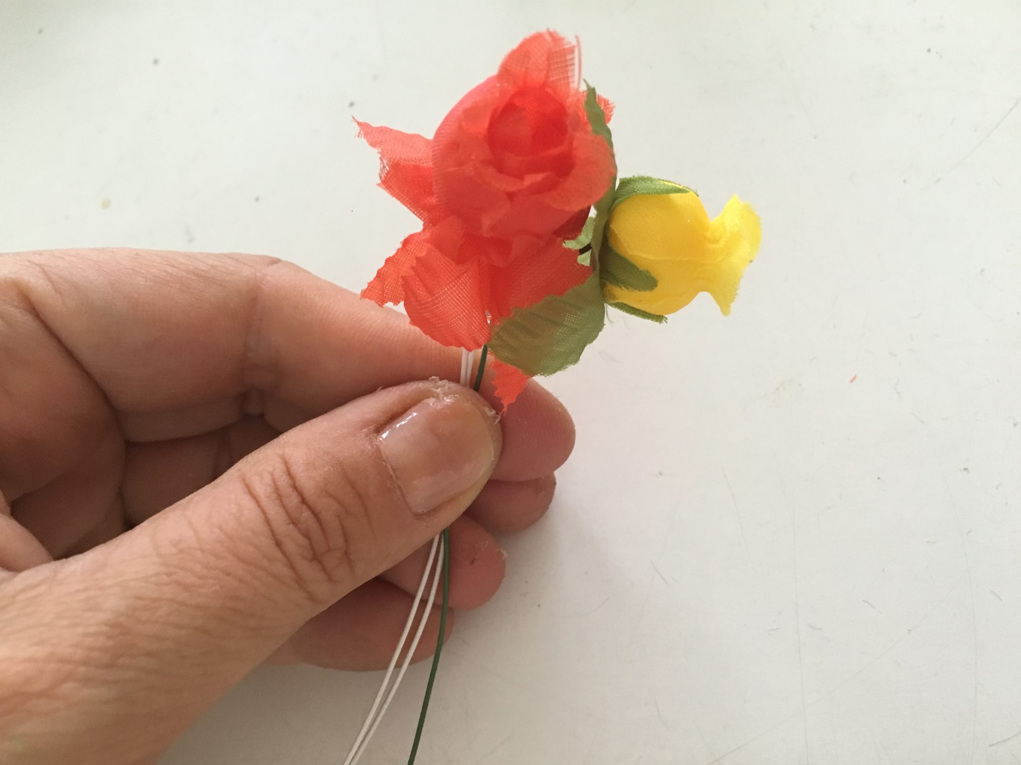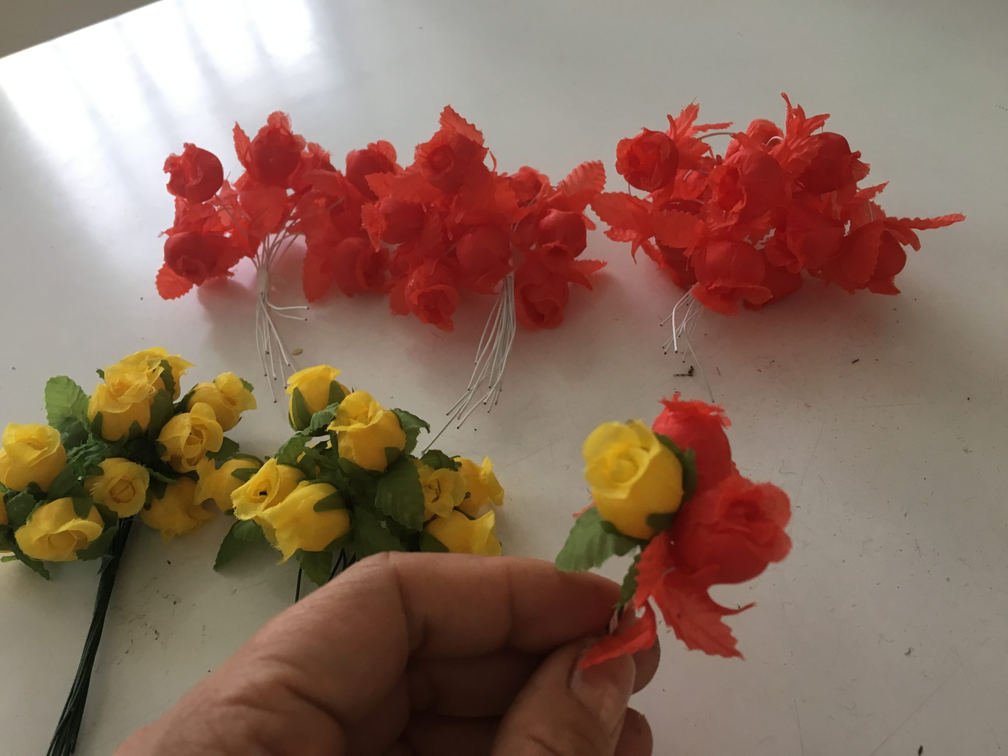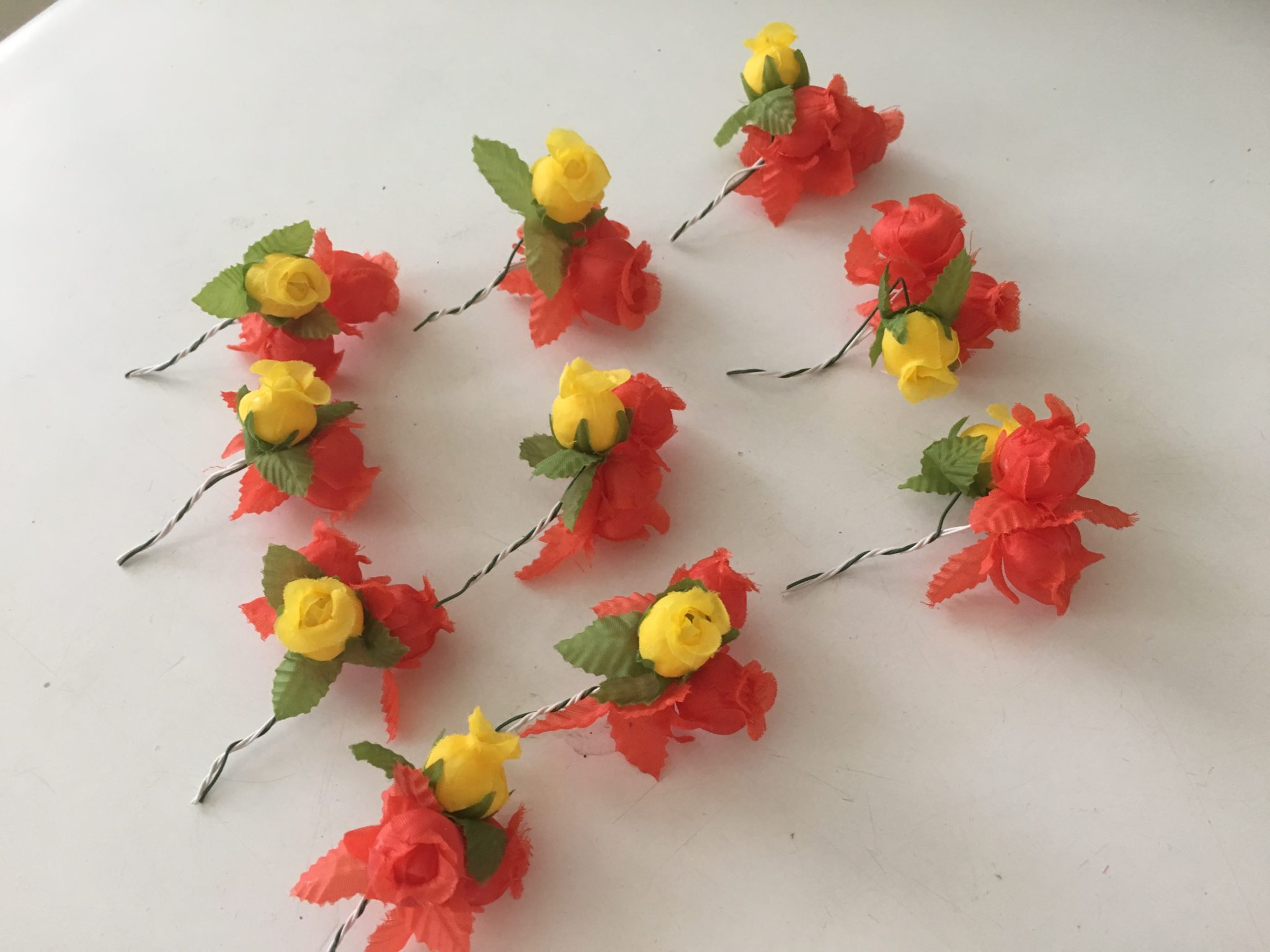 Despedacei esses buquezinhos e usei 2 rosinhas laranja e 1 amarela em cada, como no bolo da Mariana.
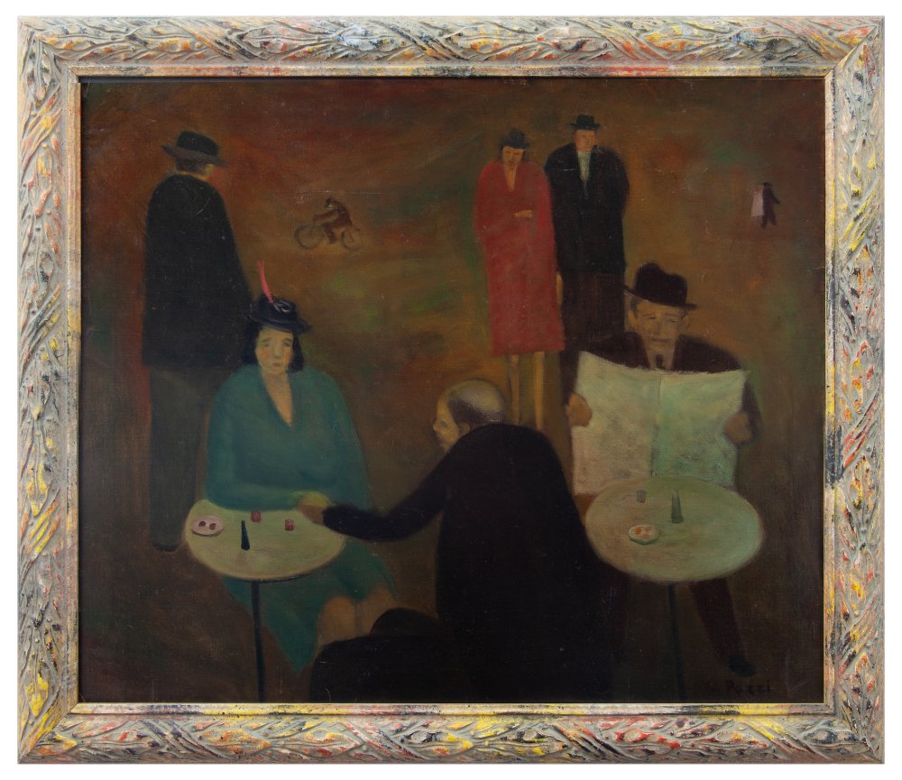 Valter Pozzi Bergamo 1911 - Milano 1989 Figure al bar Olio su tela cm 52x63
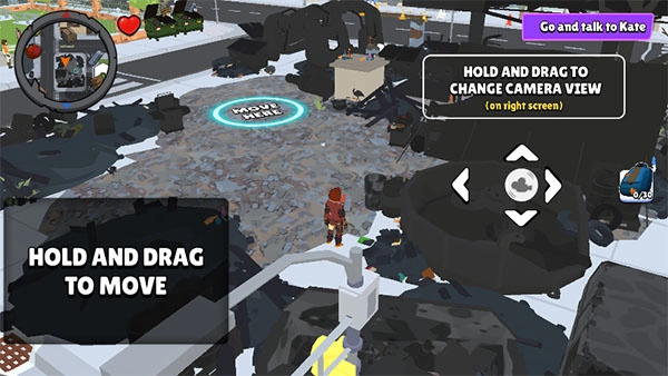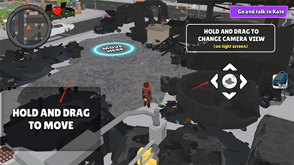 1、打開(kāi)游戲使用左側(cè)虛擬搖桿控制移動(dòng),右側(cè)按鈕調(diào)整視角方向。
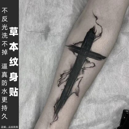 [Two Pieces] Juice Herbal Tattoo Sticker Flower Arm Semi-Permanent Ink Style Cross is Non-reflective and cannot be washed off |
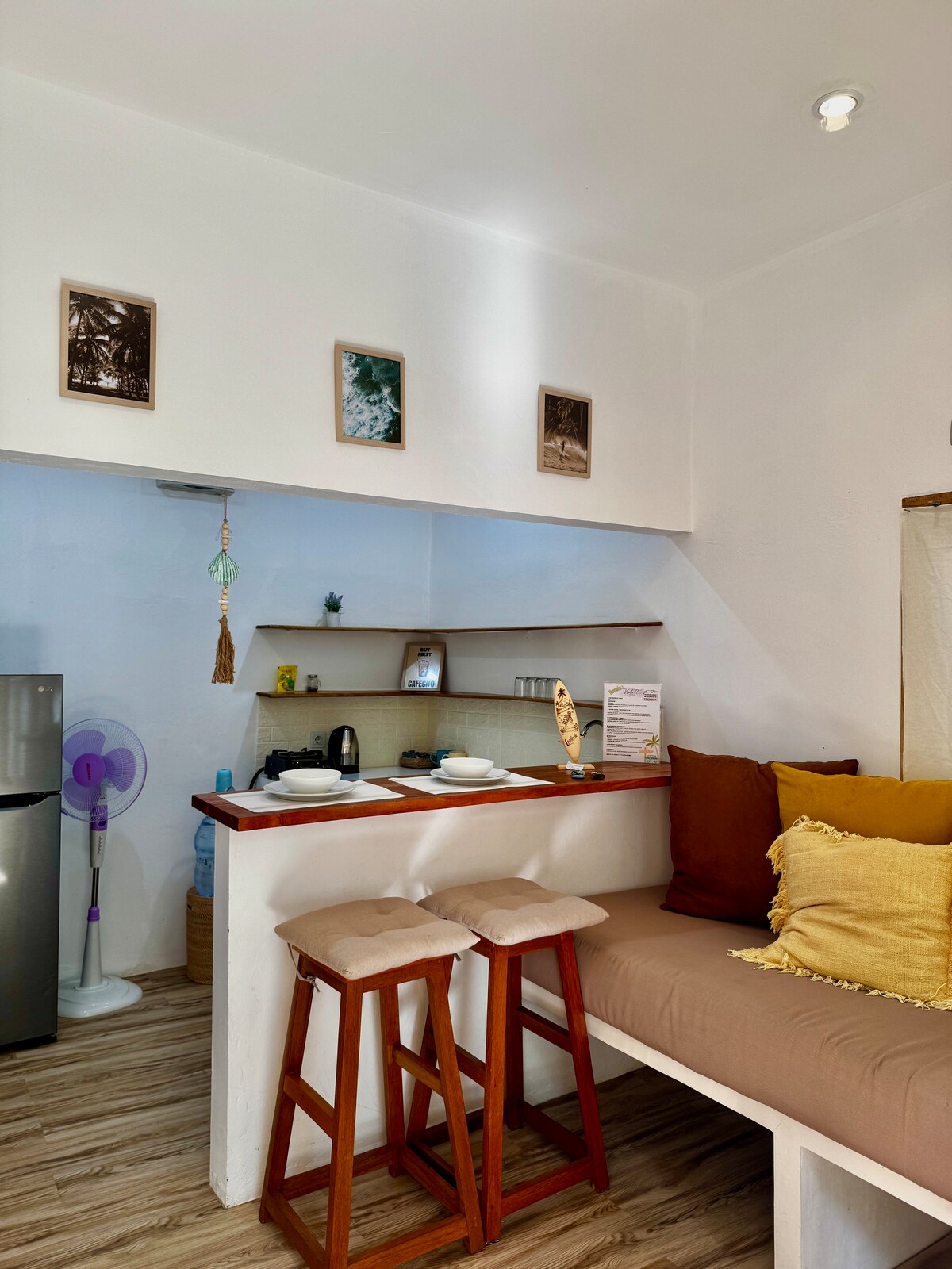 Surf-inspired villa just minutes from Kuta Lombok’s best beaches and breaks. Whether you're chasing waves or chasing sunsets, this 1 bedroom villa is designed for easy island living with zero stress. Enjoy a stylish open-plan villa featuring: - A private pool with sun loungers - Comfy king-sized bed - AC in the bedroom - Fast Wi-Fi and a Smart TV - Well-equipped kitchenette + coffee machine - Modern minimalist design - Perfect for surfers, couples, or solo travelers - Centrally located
#####
An exact reprint of every record is required, with the pictures omitted.

 Despedacei esses buquezinhos e usei 2 rosinhas laranja e 1 amarela em cada, como no bolo da Mariana.
 Valter Pozzi Bergamo 1911 - Milano 1989 Figure al bar Olio su tela cm 52x63
 1、打開(kāi)游戲使用左側(cè)虛擬搖桿控制移動(dòng),右側(cè)按鈕調(diào)整視角方向。
 [Two Pieces] Juice Herbal Tattoo Sticker Flower Arm Semi-Permanent Ink Style Cross is Non-reflective and cannot be washed off |
 Surf-inspired villa just minutes from Kuta Lombok’s best beaches and breaks. Whether you're chasing waves or chasing sunsets, this 1 bedroom villa is designed for easy island living with zero stress. Enjoy a stylish open-plan villa featuring: - A private pool with sun loungers - Comfy king-sized bed - AC in the bedroom - Fast Wi-Fi and a Smart TV - Well-equipped kitchenette + coffee machine - Modern minimalist design - Perfect for surfers, couples, or solo travelers - Centrally located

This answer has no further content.